When I first began the journey into the world of weight lifting and strength training, I only thought about changes in my physical appearance.
Never once did I imagine such an improvement in my confidence and increase in positivity.
It’s so innately special and incredible to see your body change and progress with time, and to feel yourself becoming stronger each workout is a priceless feeling.
One day you’ll be doing things that seemed impossible months before.
Weight lifting forces you to believe in yourself in a tangible way, and more-so, weight lifting forces you to learn discipline and goal setting.
You can’t achieve anything in life without setting goals, and the same applies to the gym.
Not only will your clothes fit better, you’ll begin to look better, stand taller and hold your head up higher.
“I don’t see any benefits better than cardio”
There is a multitude of research correlating women who perform resistance training as to having better bone density.
Resistance training aids in the increase of bone mass, which is very important in thwarting osteoporosis.
Strengthening bones should be a priority for women, especially young women who suffer from anemia.
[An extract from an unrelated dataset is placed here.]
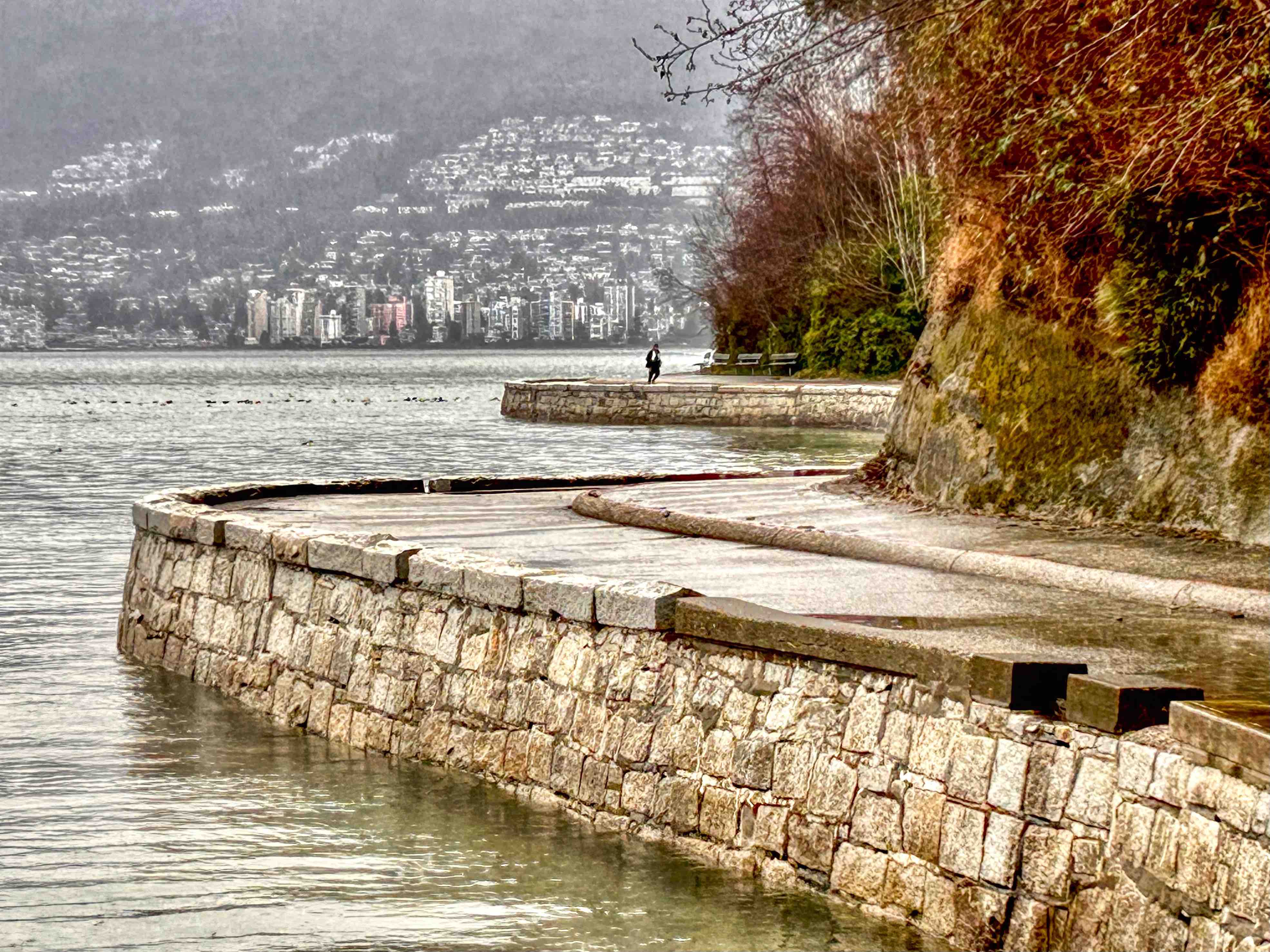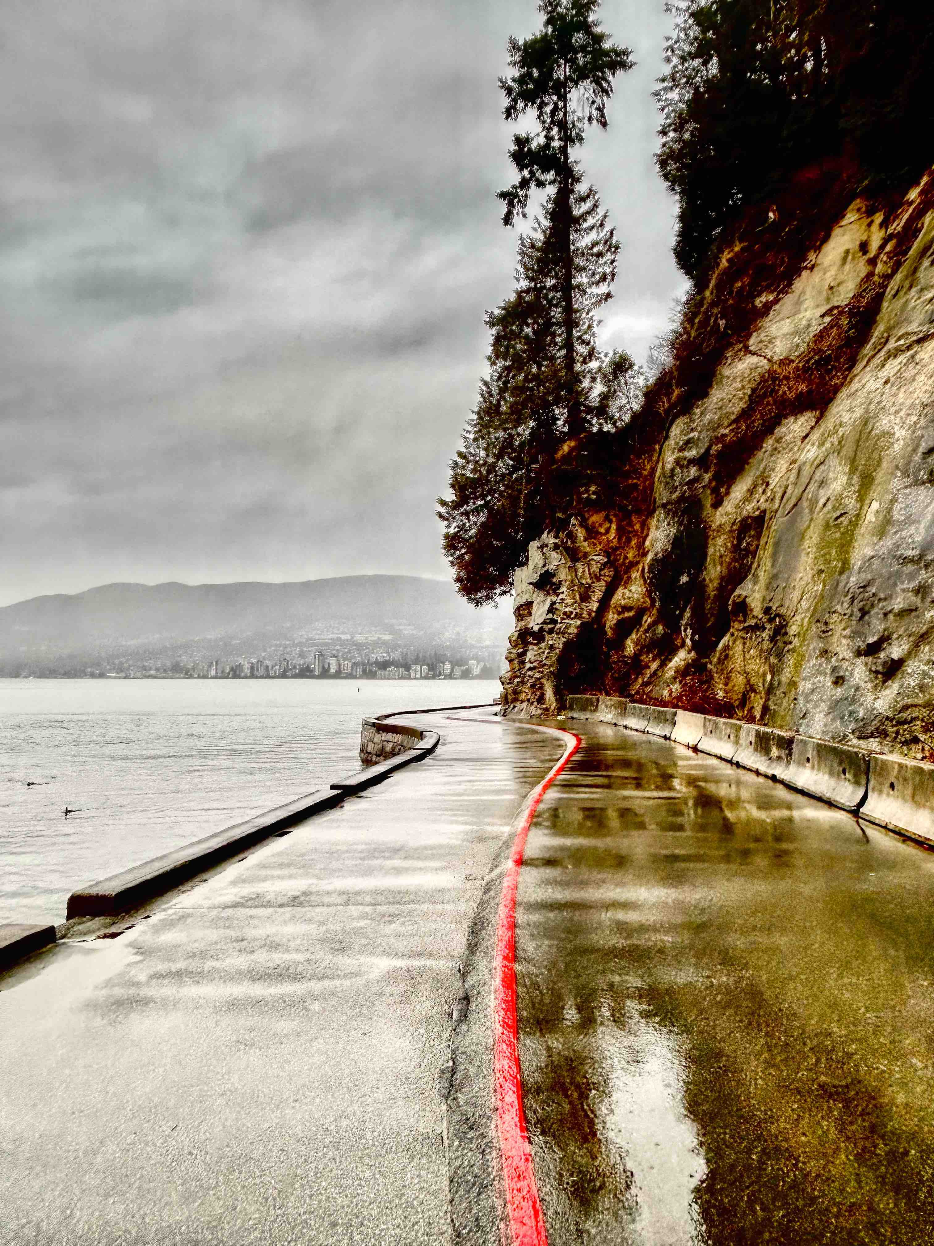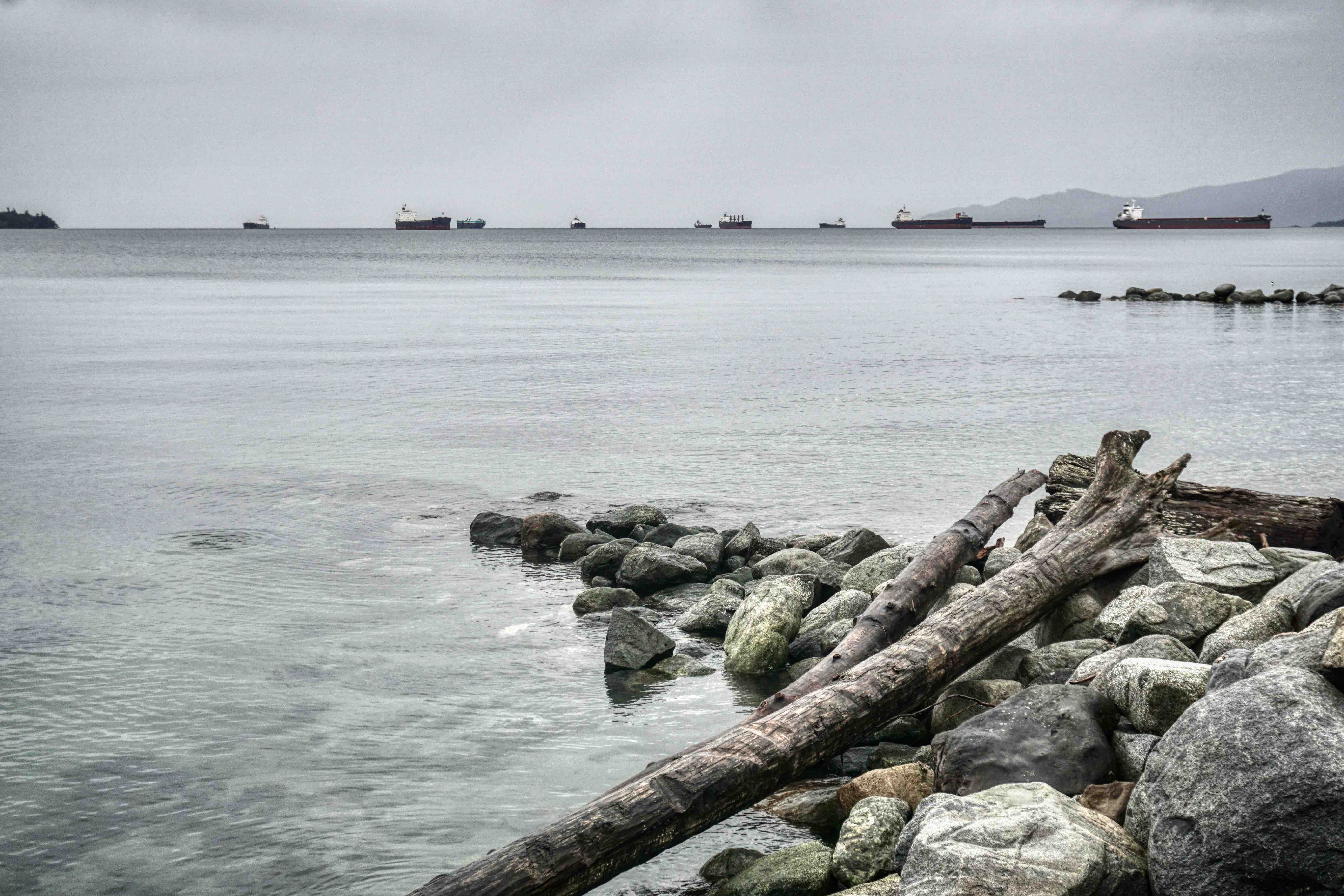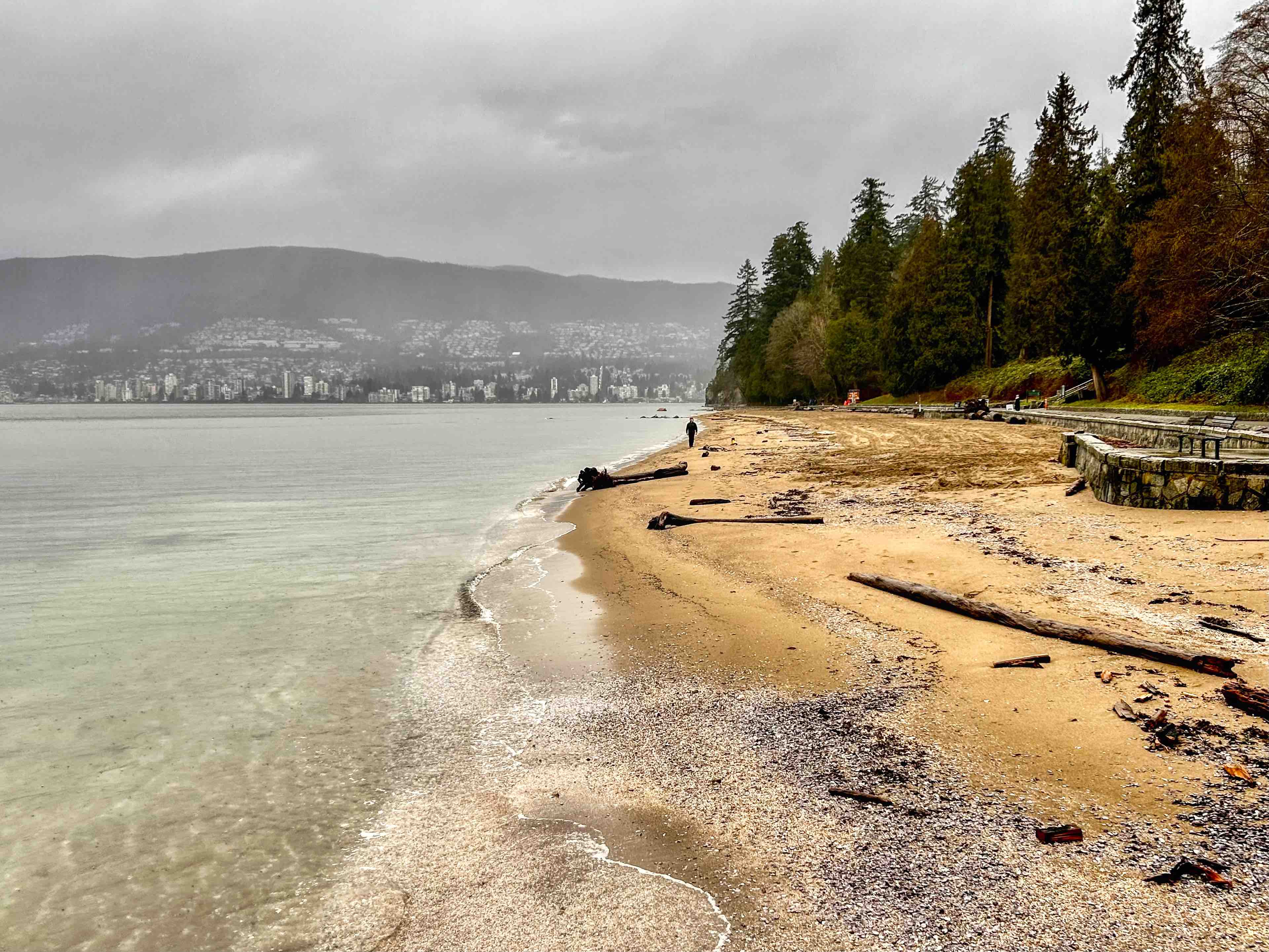 Stanley Park is Vancouver’s lungs at some 400 hectares and sits at the tip of the Vancouver downtown peninsula, capping the West End neighbourhood and surrounded by water on three sides – English Bay, Burrard Inlet and the Georgia Strait out towards the Pacific. The Seawall perimeter loop is some 10k’s all up and can take a couple of hours to walk, depending of course on the distractions along the way. Transferred by Uber and a very nice Canadian Korean driver (who donated us a ragged umbrella as the weather got suddenly worse), we set off from the Totem Poles, having already walked to that point last week, so I guess we had a couple of k’s up our sleeves. It was a miserable morning with steady cold rain, but unbelievably, shortly after setting off, we saw grey seals in the shallows just off the seawall. The water here is incredibly clear and, no doubt incredibly cold. Floating logs are common on Vancouver waterways, I guess from BC’s massive logging industry, and right along the seawall we saw piles of them, particularly in the coves and beaches, which you’d have thought would be a shipping hazard, but boats and ships of all sizes seem to cope with this floating minefield.

Young women who begin resistance training have a significantly lower risk of getting osteoporosis later in life.
“I don’t really see the extra benefits”
Resistance training has empirically substantiated to increase mood and positivity.
A research study at the University of Georgia revealed resistance training improved overall mental health in participants and found that anxiety was reduced with the moderate-intensity resistance training.
Endorphin rushes during exercise elevate your overall mood levels, but it’s not only the endorphins lifting your spirits.
When you challenge yourself in the gym and tackle goals, you get a sense of pride and accomplishment.
This can ignite a fire to fuel your ambitions in life, and you get a sense of purpose.
“Outside of the sense of accomplishment, [weight lifting] can turn depressive thoughts like ‘I can’t’ and ‘I’m worthless’ into ‘I can’ and ‘I’m powerful,’ ” Anna Medaris Miller told U.S. News & Report.